Parsing Cluster 23145, with IDs:
['29841', '29842', '29843', '29844', '29845', '29846', '29847', '29848', '29849', '29850', '29851', '29854']
Parsing Cluster 23146, with IDs:
['30021']
Parsing Cluster 23147, with IDs:
['394']
Parsing Cluster 23148, with IDs:
['1189']


It also creates many fasta files containing sequences from each cluster.

0
Entering edit mode

Not sure, where exactly your error is, but what you are trying to output is essentially JSON, so you can probably use json.dumps() instead and save yourself a headache.

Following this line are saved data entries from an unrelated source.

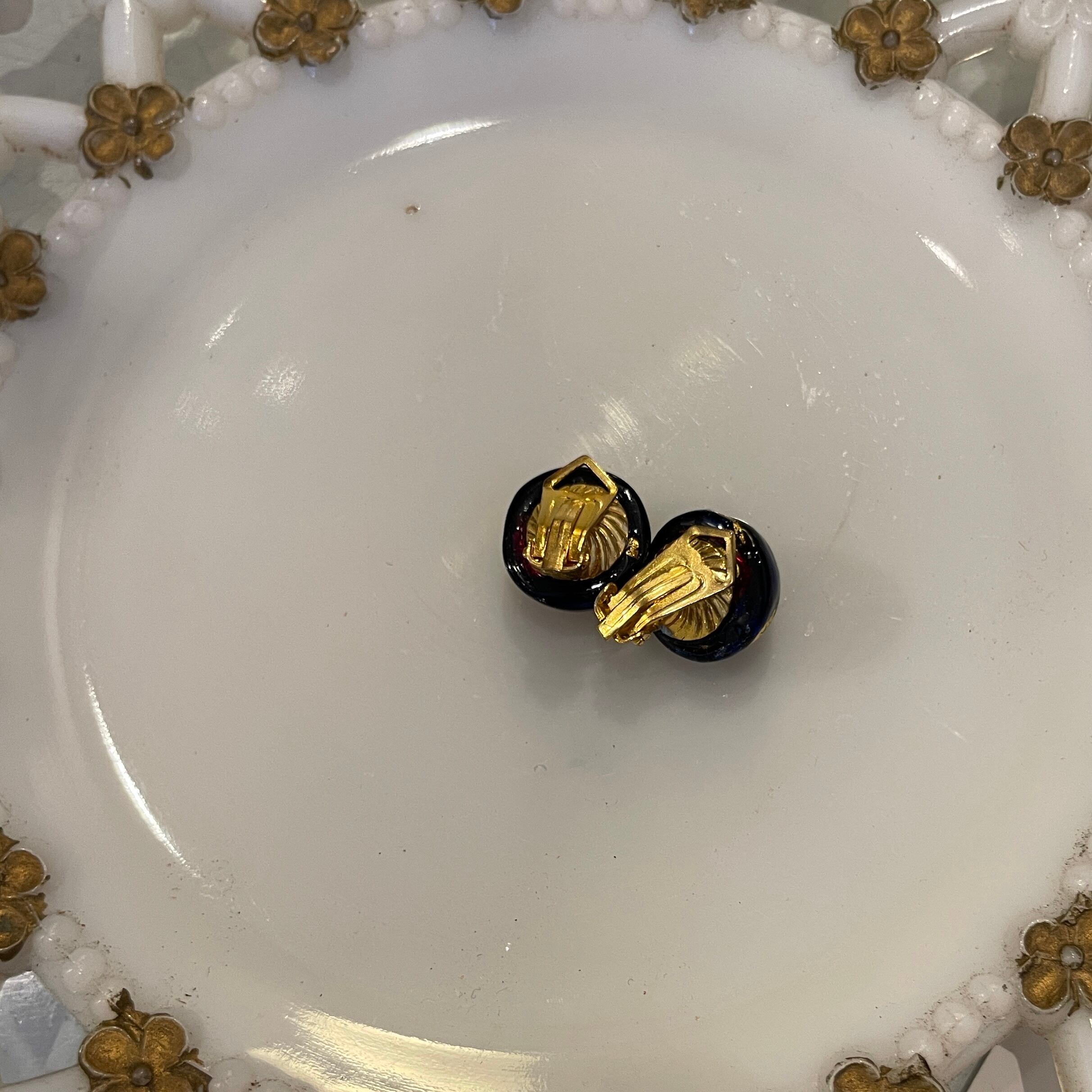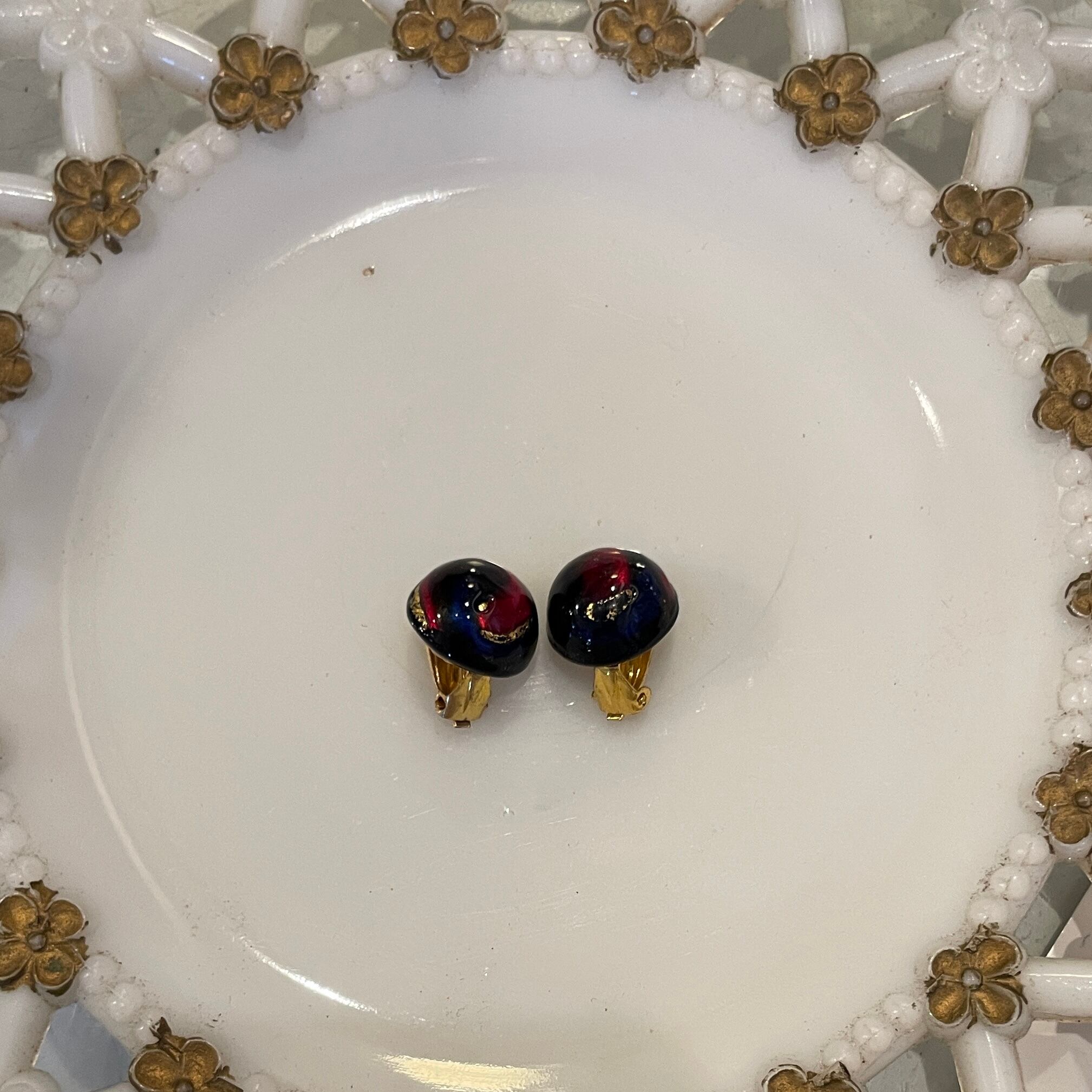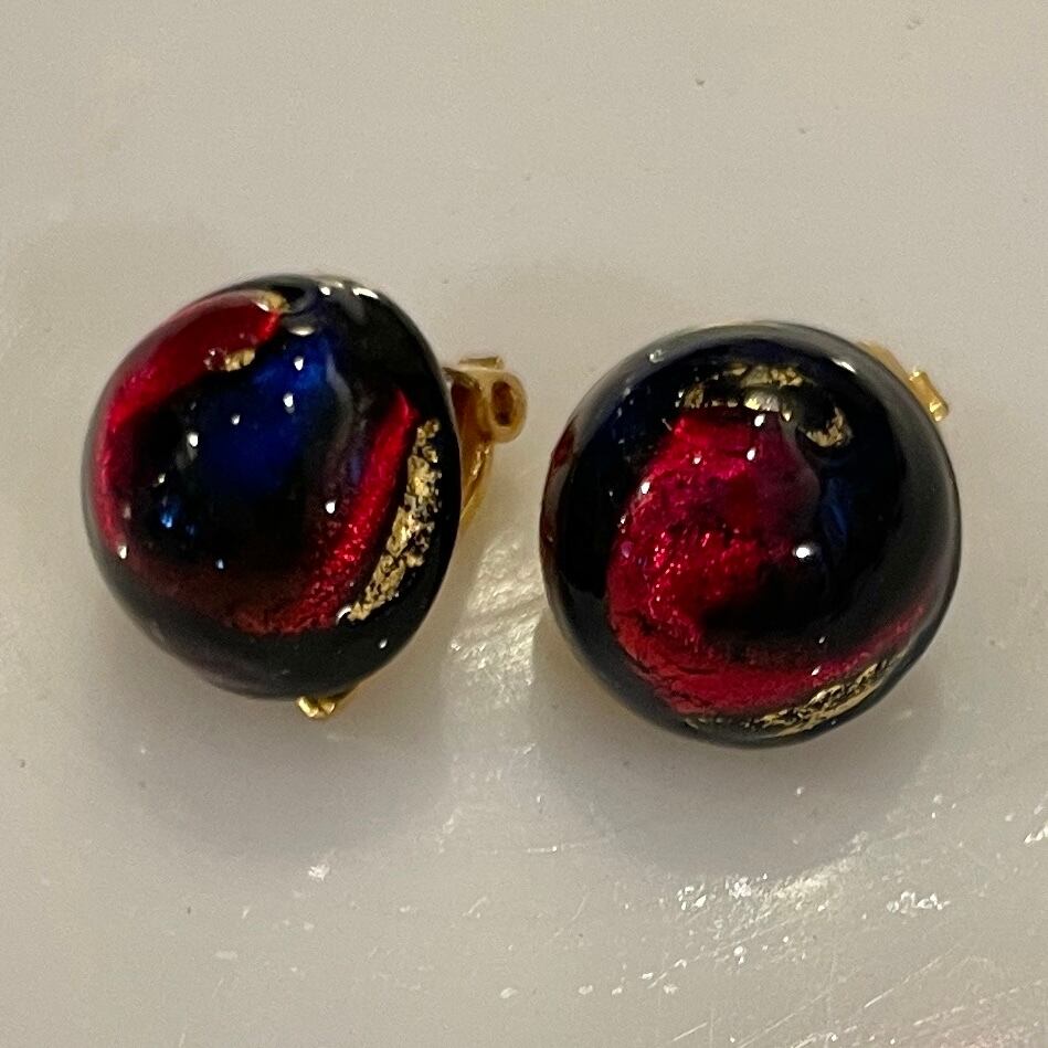 マーブル ガラスビーズ イヤリング ゴールド×レッド×ブルーヴィンテージ アクセサリー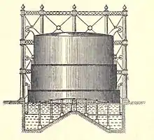 Gasholders were constructed of a variety of materials, brick, stone, concrete, steel, or wrought iron. The holder or floating vessel is the storage reservoir for the gas, and it serves the purpose of equalizing the distribution of the gas under pressure, and ensures a continuity of supply, while gas remains in the holder. They are cylindrical like an inverted beaker and work up and down in the tank. In order to maintain a true vertical position, the vessel has rollers which work on guide-rails attached to the tank sides and to the columns surrounding the holder.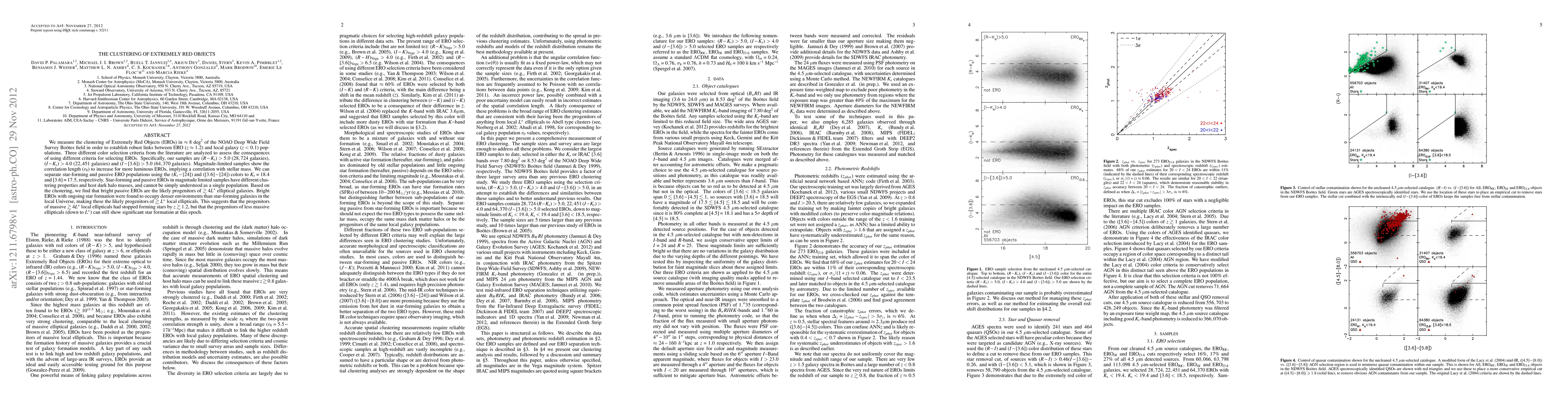 Researchers studied extremely red objects (EROs) in a deep field survey to understand their clustering properties and how they relate to galaxy evolution. They found that bright EROs with ongoing star formation occupy denser environments than other galaxies at z>1.2.

For any tool you plan to publish or any script that will not be a one-off, consider using Pydantic schemas or dataclasses in conjunction with Pydantic for the validation of complex structures, the serialization of values and for writing clean output.

0
Entering edit mode

Is there a particular reason you need it in a nested dictionary? I think you are probably making your life unnecessarily hard by trying to do arithmetic over multiple entries and then concoct a dict format for it.

It's also not clear where SOL_1_10':0} is coming from, as it isn't represented in the clusters anywhere? Is all missing data to be treated as a 0 coverage?